'I had to carry my mother's decapitated head 60km': Orphan tells ITV News of atrocities in Democratic Republic of Congo
A young woman has told ITV News how she was forced to carry her mother's decapitated head 60 kilometres after militias in the Democratic Republic of the Congo (DRC) killed her family.
She and her two sisters, along with their parents and brothers, were captured in the Kasai region by one of the armed groups that - alongside government forces they are fighting - is blamed for countless atrocities.
The eldest of the orphaned sisters recalled how she was hiding but sneaked out to see the appalling fate of her mother and brothers.

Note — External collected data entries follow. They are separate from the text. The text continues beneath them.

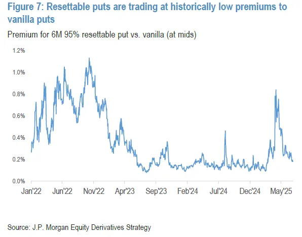因此策略師們正推薦場外衍生品方案。瑞銀集團和摩根大通近期建議採用回望型或可重置看跌期權——其行權價會隨市場上調(回望看跌期權的行權價設定為交易期間最高收盤價)。摩根大通策略師Bram Kaplan在本月報告中指出,這類期權當前較普通看跌期權的溢價處於歷史低位。
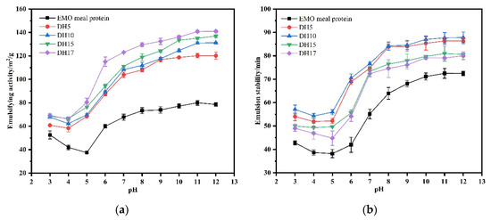 Effect of pH on emulsifying capacity (a) and emulsion stability (b) of the EMO meal protein and hydrolysates with different DH.
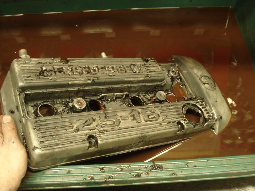 -25- メルセデスベンツのエンジンカバー 旧塗膜剥離中
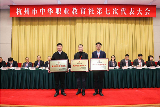 近期,杭州市中華職業教育社舉行第七次代表大會。開幕式上,舉行了杭州市第七屆黃炎培職業教育獎頒獎儀式。杭州市臨平職業高級中學(杭州市臨平技工學校)榮獲杭州市第七屆黃炎培優秀學校獎。臨平職高校長丁衛東受邀參加并上臺領獎。
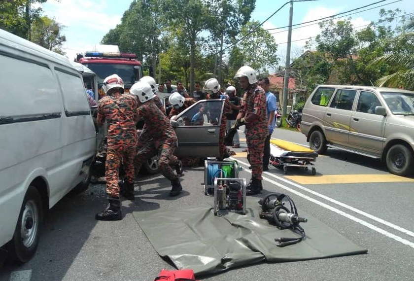 Jelas Mohamadul Ehsan, anggotanya terpaksa memotong besi dengan menggunakan ‘Rescue Tools’ untuk mengeluarkan ketiga-tiga mangsa yang tersepit.
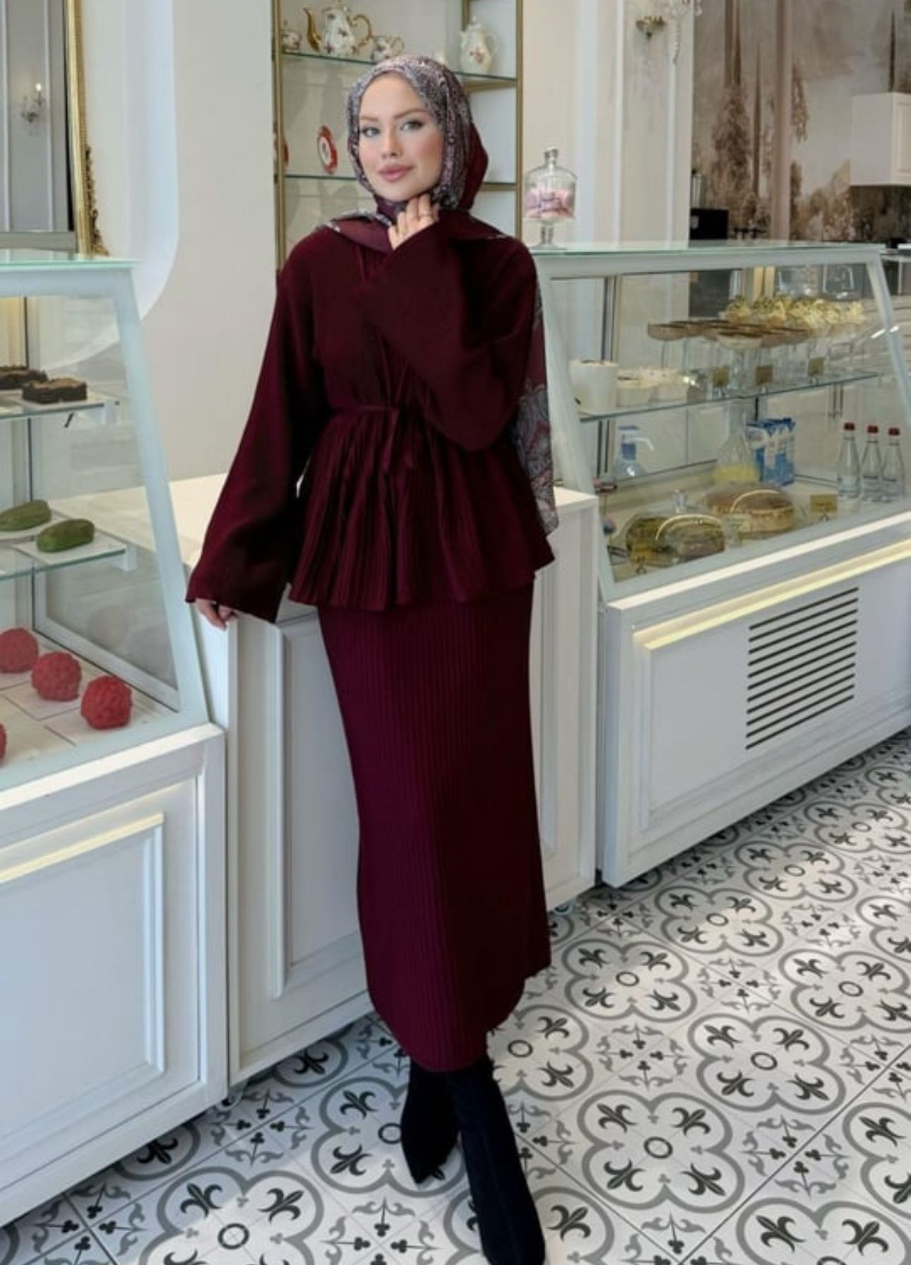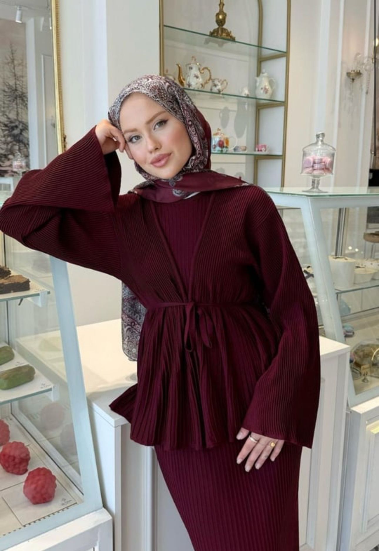 طقم تريكو ٣ قطع  فستان و جاكيت و حزام طول الفستان ١٤٠ سم طول الجاكيت ٦٥ سم الفستان ون سايز
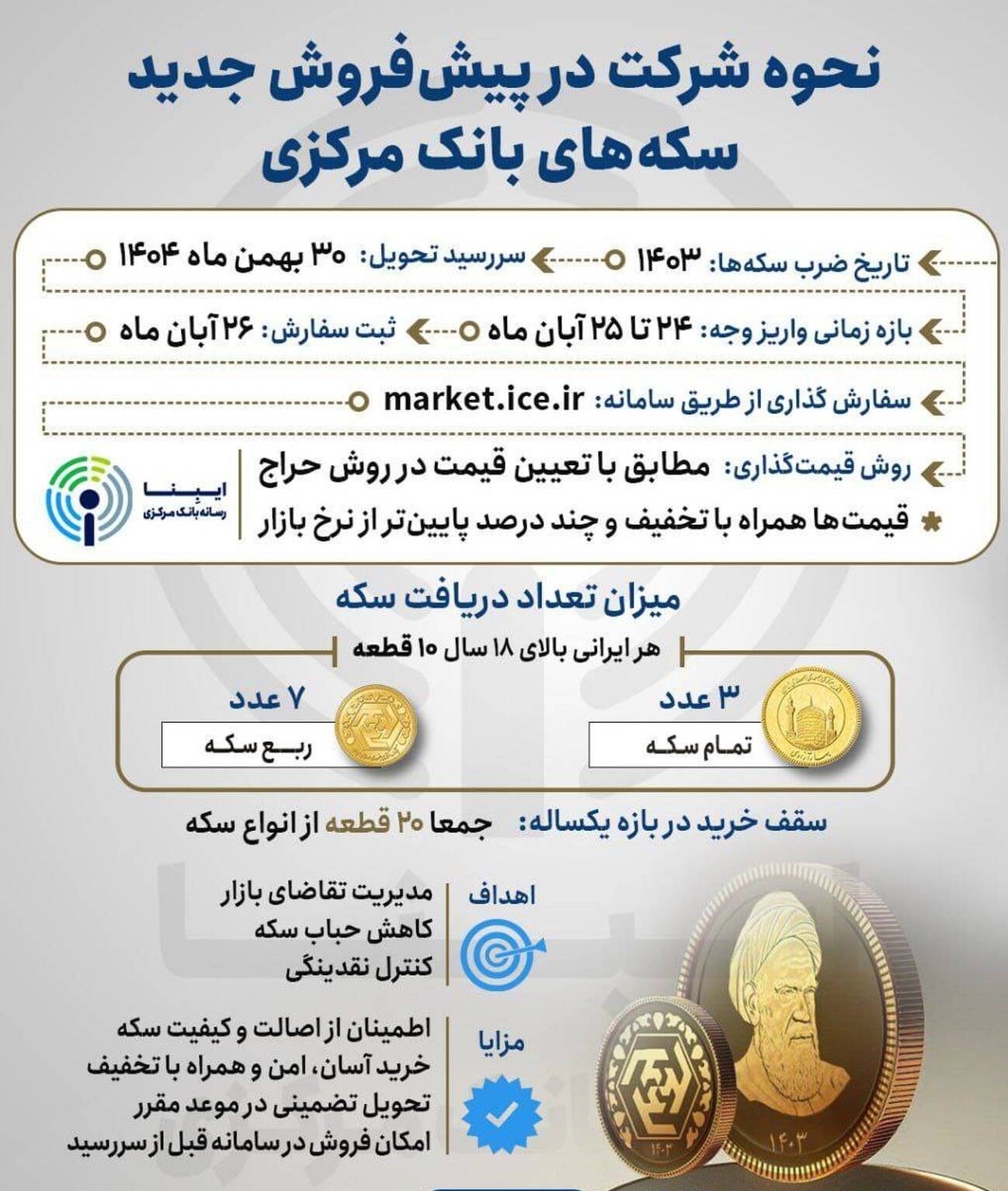 پیشفروش جدید براساس دستورالعمل بانک مرکزی و با سررسید 30 بهمنماه 1404 انجام میشود. این بار نیز روش قیمتگذاری بهصورت حراج ثبت سفارش و تخصیص بر مبنای اولویت قیمت–زمان خواهد بود؛ مشابه پنج مرحله گذشته، با هدف کنترل تقاضا و شفافسازی روند عرضه ریالی مسکوکات.
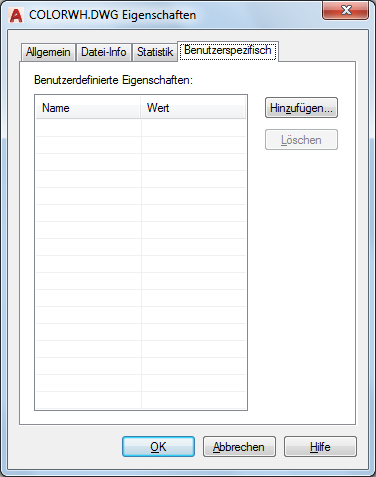 Führt die Namen und die Werte der benutzerspezifischen Eigenschaften in der aktuellen Zeichnung auf.
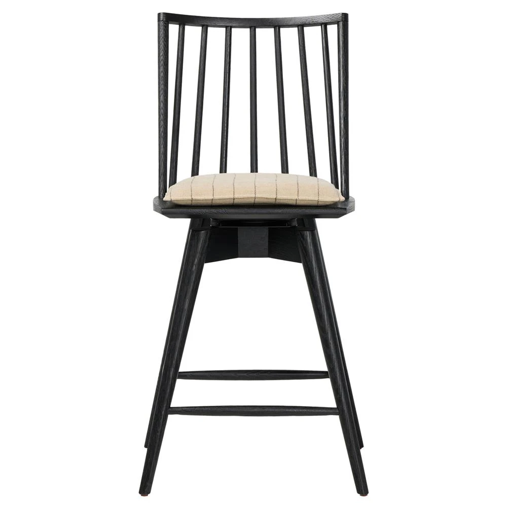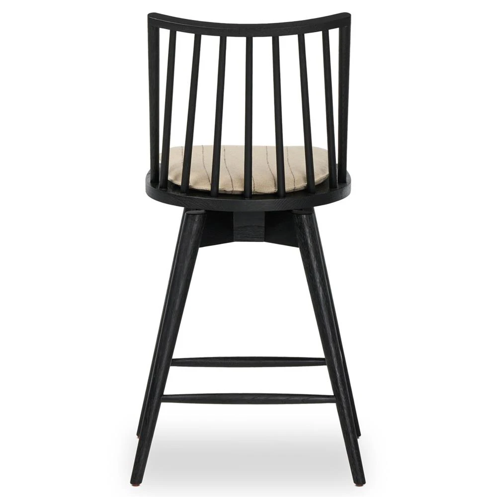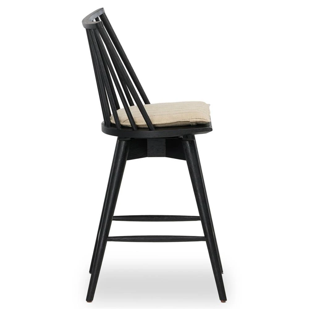 Lara Rustic Lodge Beige Striped Black Oak Swivel Windsor Counter Stool
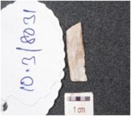 | Description / विवरण | A chert blade, mid ridge on dorsal, ventral is smooth and use wear marks on edge. |
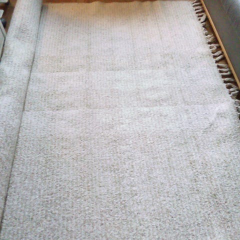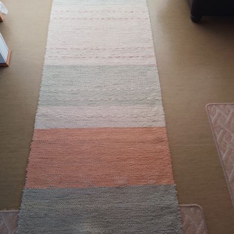 Myydään ehjä ja hyväkuntoinen matto. Pit 155cm ja lev 76cm. Väri harm/valk.3€.
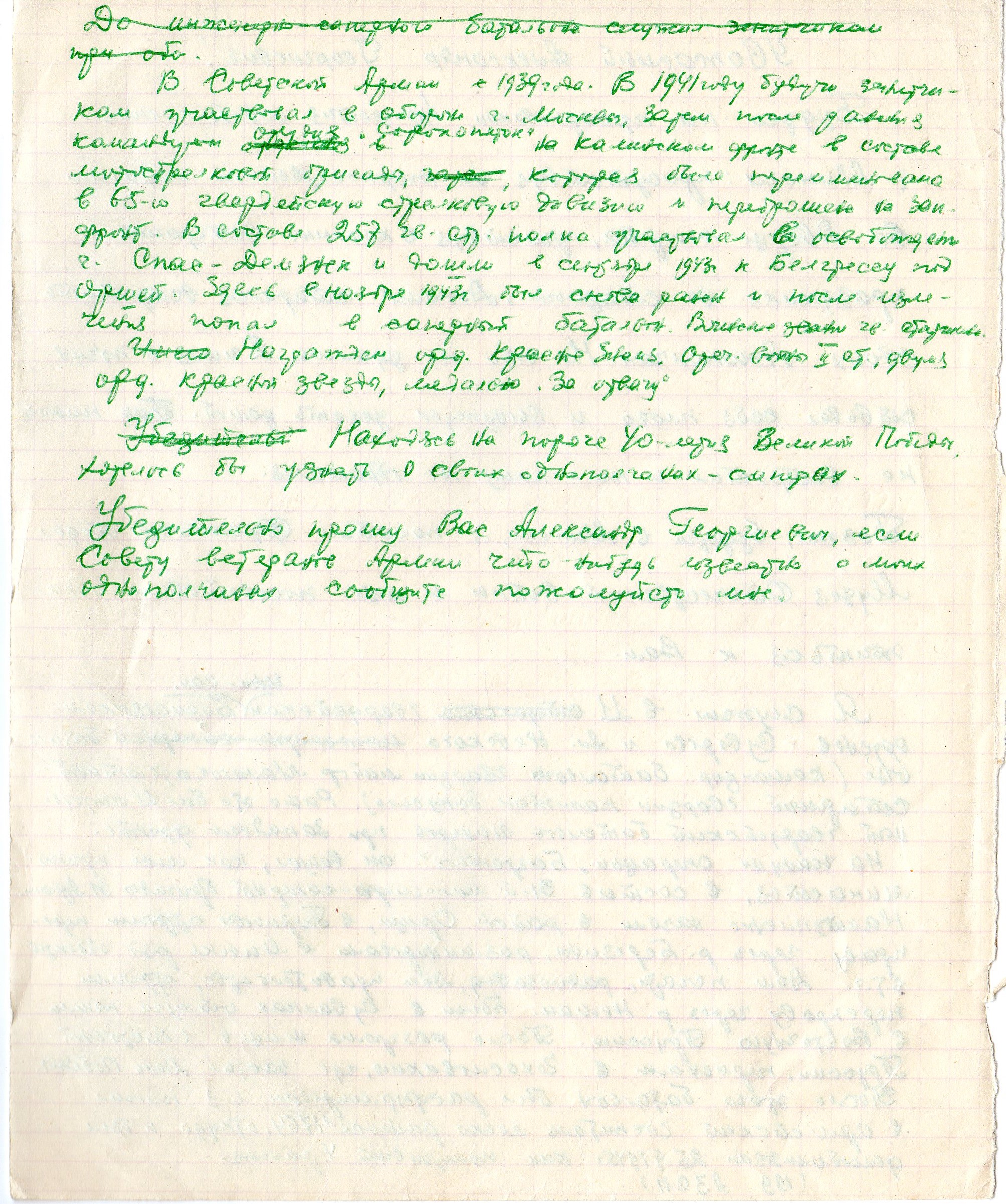 Убедительно прошу Вас, Александр Георгиевич, если Совету ветеранов Армии что-нибудь известно о моих однополчанах сообщите, пожалуйста, мне.
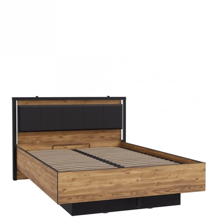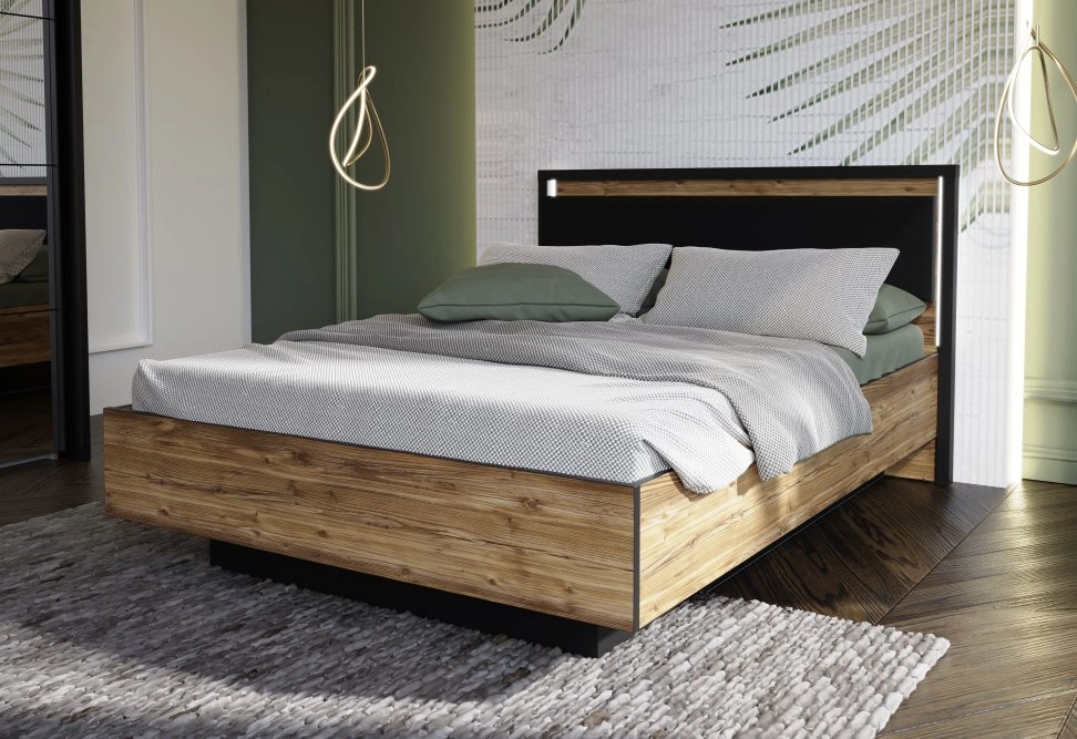 Łóżko Hayato wyróżnia się harmonijnym połączeniem dekoru Czarny / Świerk alpejski oraz aksamitnej, czarnej tkaniny na tapicerowanym zagłówku. Dzięki temu doskonale komponuje się z wnętrzami w nowoczesnym i minimalistycznym stylu. Stabilna konstrukcja oraz eleganckie wykończenie sprawiają, że będzie centralnym punktem każdej sypialni.
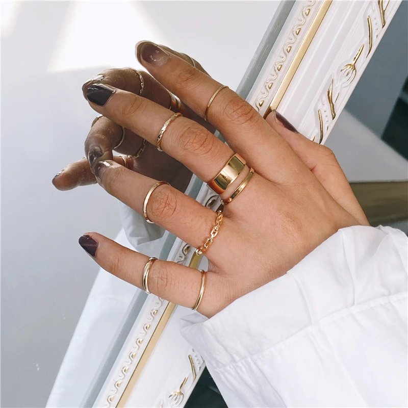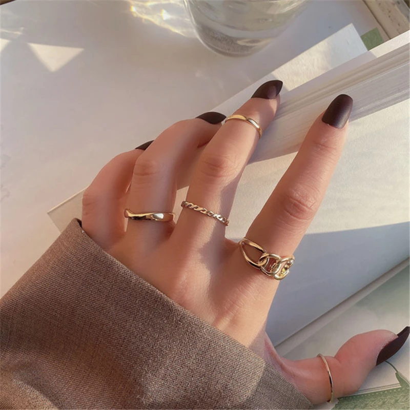 Комплект колец 17KM для женщин и девушек, простой комплект из толст...
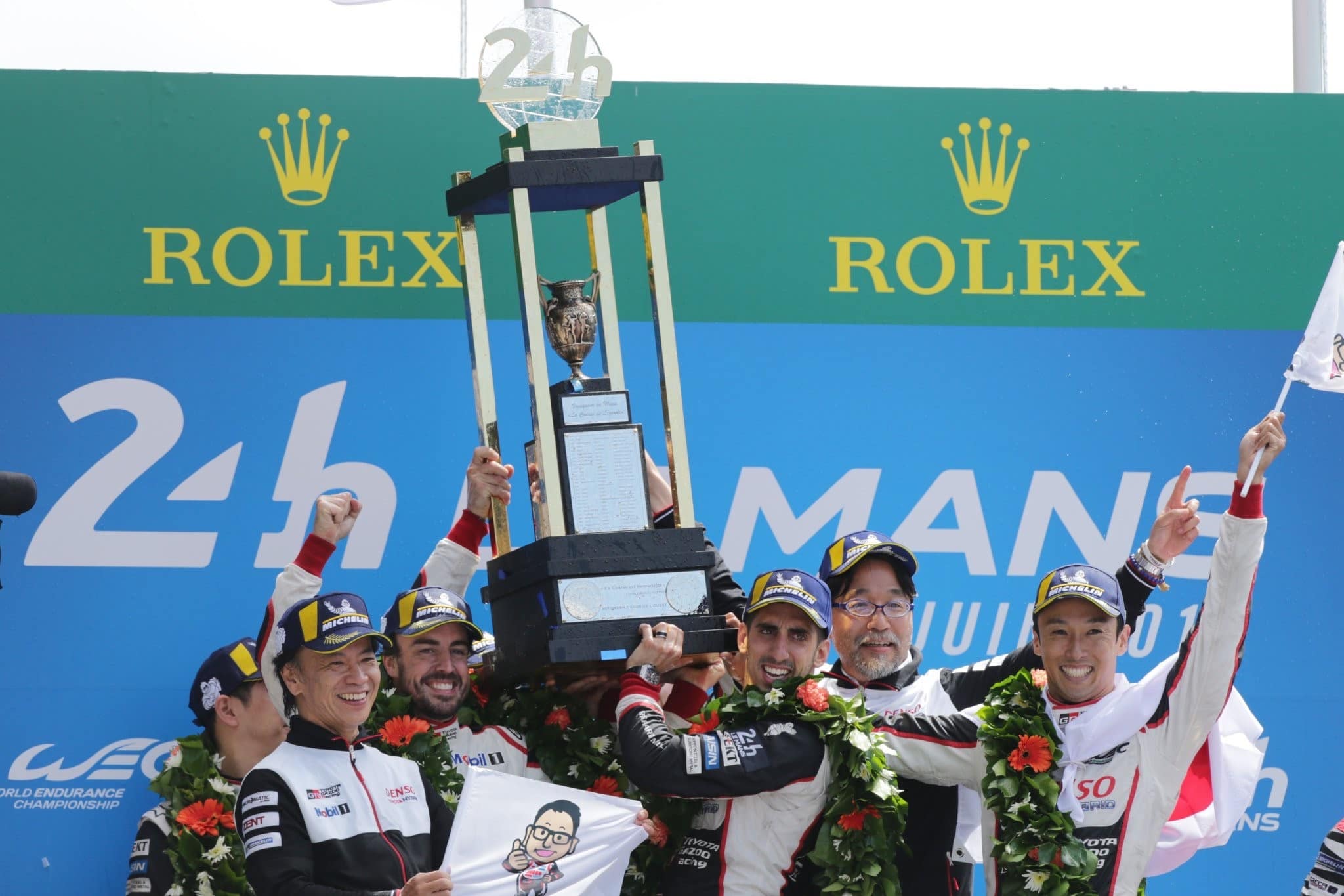 Histórica victoria de Toyota y Fernando Alonso en las 24 Horas de Le Mans. En el vigésimo intento de triunfo en Le Mans, Toyota alcanzó la victoria y lo hizo firmando un doblete al copar las dos primeras posiciones del podio. La pole position obtenida el jueves por Fernando Alonso, Sébastien Buemi y Kazuki Nakajima, a los mandos del Toyota TS050 HYBRID nº 8, fue el mejor presagio y una carrera perfecta por parte de los tres pilotos les permitió pasar a la historia al lograr la primera victoria de Toyota en Le Mans.
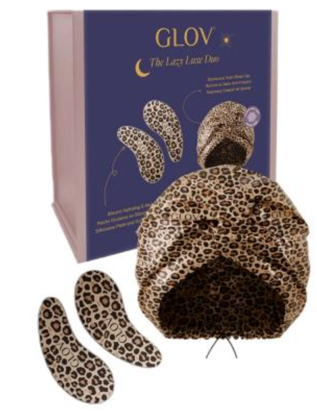 Skład zestawu: Satynowa czapka do spania, wzór lamparta - Glov Glamorous Satin Sleep Cap, 1 szt. + Wielokrotnego użytku płatki na oczy - Glov Infinity Eye Patches, 2 szt.
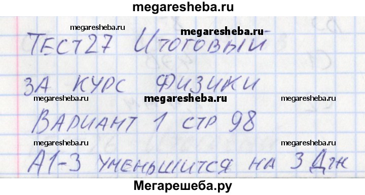 Подробный решебник (ГДЗ) по Физике за 11 (одиннадцатый) класс контрольно-измерительные материалы - готовый ответ тест 27. вариант - 1. Авторы учебника: Зорин. Издательство: ВАКО 2017.
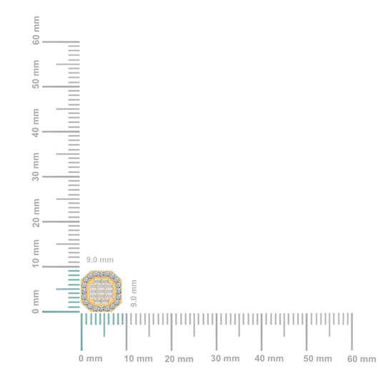 14K Yellow Gold Round Baguette Diamond Square Shape Stud Earrings 5/8 Cttw

She told ITV News Africa Correspondent John Ray: "We were captured by the militia. They took us to our house, together with my family.
"They had already killed my father. Then I saw my two brothers decapitated. Then my mother.
"They made me carry her head to the village where they had their base. It was 60 kilometres."
The three sisters were spared, but their trauma was far from over.
The eldest said: "I didn't have the desire to live anymore. I wanted to die."
The girls are hiding in a safe house as the war has intensified ethnic and tribal hatred.
One and half million people in the region have been forced from their homes and farms.
The country in the heart of Africa has been declared a "Level 3" crisis – on a par with the humanitarian disasters in Syria, Yemen and Iraq.